■ Problem statement ■
Of all the lines in the entries below, give again exactly those starting at the line containing "Отзывы на Наушники" and ending at the line containing "2025 summer new", both ends included, and no others.

··· Material supplied

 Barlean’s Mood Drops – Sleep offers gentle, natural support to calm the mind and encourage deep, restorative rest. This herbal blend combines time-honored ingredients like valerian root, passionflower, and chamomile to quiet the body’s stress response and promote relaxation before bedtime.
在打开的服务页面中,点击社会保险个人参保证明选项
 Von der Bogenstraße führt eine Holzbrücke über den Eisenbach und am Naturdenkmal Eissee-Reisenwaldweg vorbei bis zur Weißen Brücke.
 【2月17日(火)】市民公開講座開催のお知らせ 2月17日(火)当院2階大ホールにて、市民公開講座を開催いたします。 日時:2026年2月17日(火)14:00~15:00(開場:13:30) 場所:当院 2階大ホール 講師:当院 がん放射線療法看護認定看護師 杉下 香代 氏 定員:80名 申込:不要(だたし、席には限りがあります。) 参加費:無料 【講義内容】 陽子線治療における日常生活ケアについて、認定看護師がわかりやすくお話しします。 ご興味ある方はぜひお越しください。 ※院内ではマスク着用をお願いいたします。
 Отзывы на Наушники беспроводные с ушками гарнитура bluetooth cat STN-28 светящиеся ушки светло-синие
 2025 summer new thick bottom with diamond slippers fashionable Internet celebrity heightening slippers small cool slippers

······
··· Material supplied

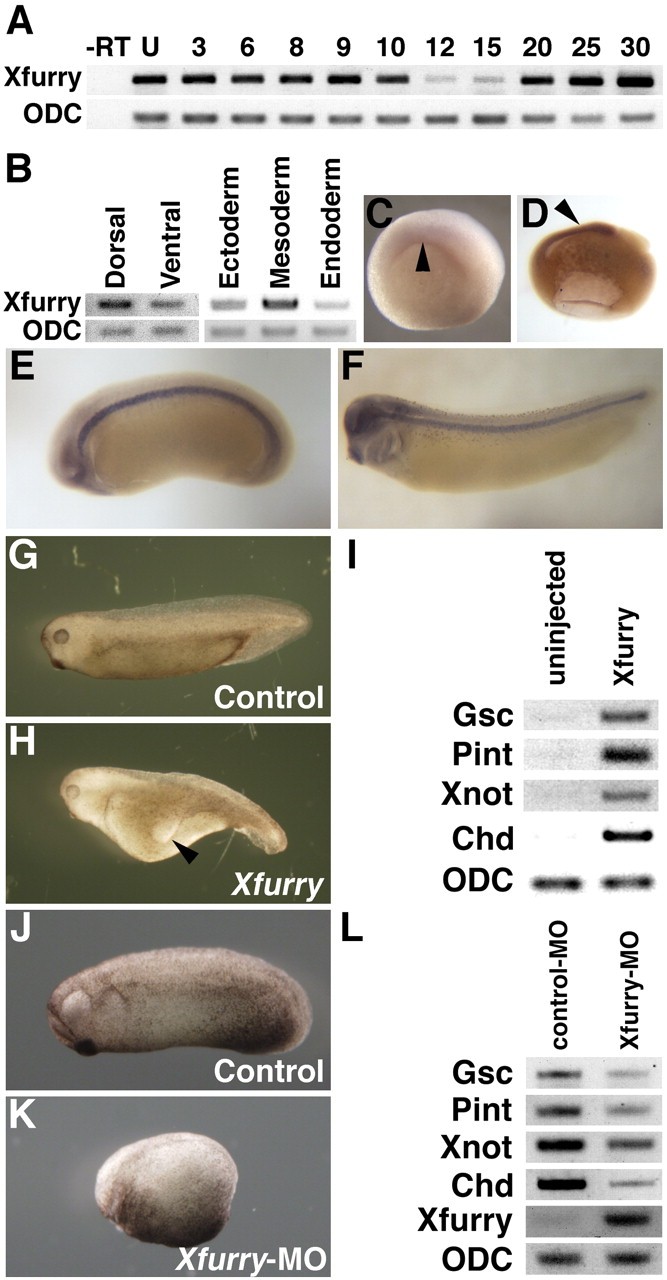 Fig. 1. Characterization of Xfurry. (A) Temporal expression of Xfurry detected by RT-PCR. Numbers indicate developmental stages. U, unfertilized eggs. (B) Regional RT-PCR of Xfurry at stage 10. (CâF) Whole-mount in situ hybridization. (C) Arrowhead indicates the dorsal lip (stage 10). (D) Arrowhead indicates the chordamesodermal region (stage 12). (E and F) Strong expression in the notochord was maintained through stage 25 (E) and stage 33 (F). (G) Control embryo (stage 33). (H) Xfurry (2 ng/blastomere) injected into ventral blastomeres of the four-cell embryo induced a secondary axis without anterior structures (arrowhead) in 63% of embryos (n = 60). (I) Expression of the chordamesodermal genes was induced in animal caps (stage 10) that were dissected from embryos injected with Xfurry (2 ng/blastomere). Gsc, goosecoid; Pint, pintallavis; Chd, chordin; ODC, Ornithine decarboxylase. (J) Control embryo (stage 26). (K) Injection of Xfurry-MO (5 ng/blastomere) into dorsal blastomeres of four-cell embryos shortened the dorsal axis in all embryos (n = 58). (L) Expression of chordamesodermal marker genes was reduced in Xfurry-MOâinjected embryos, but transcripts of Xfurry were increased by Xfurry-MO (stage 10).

······

■ Result ■
 Отзывы на Наушники беспроводные с ушками гарнитура bluetooth cat STN-28 светящиеся ушки светло-синие
 2025 summer new thick bottom with diamond slippers fashionable Internet celebrity heightening slippers small cool slippers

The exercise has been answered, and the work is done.